Horner 'begrudgingly' accepts 'draconian' $7 million Red Bull fine

Mercedes and Ferrari have suggested Red Bull’s penalty for breaching the budget cap is not enough, despite claims from Christian Horner that the punishment is “draconian”.
Red Bull were handed a fine of £6.07m and a reduction of 10 per cent wind tunnel time over the next 10 months, which includes the first half of the 2023 Formula 1 season.
The FIA revealed Red Bull overspent by £1.86m last year and interpreted 13 points of the budget cap regulations incorrectly, including the cost of power units, catering and staff wages.
Horner has claimed it will cost Red Bull between 0.25 and 0.5 seconds.
“The scale of that penalty isn’t much more than what you would lose if you were just one place higher up in the championship,” Mercedes’ head of trackside engineering Andrew Shovlin told the press.
“I think describing it as draconian is an exaggeration.
“Reducing the number of runs does limit your freedom when you’re developing your concept, but we’re in reasonably well-explored regulations now.
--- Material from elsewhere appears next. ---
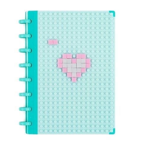 Zábavný linkovaný blok, který probudí dětskou fantazii. Na obálku si může vaše dítě poskládat vlastní obrázek z barevných kostiček a vytvořit si tak originální sešit podle své představivosti. Blok má pevnou obálku z odolného polypropylenu a praktickou kroužkovou vazbu, která usnadňuje otáčení stránek. Uvnitř se nachází 80 linkovaných listů pro psaní, kreslení nebo poznámky. Součástí balení je 60 kostiček, ze kterých si můžete vytvořit libovolný obrázek na přední straně bloku. Skvělý doplněk pro školáky a malé kreativce.

But you definitely have to be more efficient about it.
“If it were half a second, which I’ve heard mentioned, then the team at the back of the grid would have a three-seconds advantage to one at the front and that simply isn’t the case. But it depends on how well you make decisions during the year.
“I would have thought a tenth, or a bit more than a tenth, maybe two-tenths is realistically what that will cost you.”
McLaren team principal Andreas Seidl has also expressed his displeasure at the penalty, stating that Red Bull should stop telling “fairytales”.
Ferrari racing director Laurent Mekies feels the punishment is on the lenient side and was particularly unhappy that the £6.07m fine is separate to Red Bull’s budget cap spend.
“We certainly think it’s low,” said Mekies. “We don’t see it on the same scale as to be able to compensate the overspending that was done. Especially combined with the fact that the penalty is not combined with any budget cap reductions for them.
“So we say altogether what will remain of the real impact of the penalty will probably be very small.”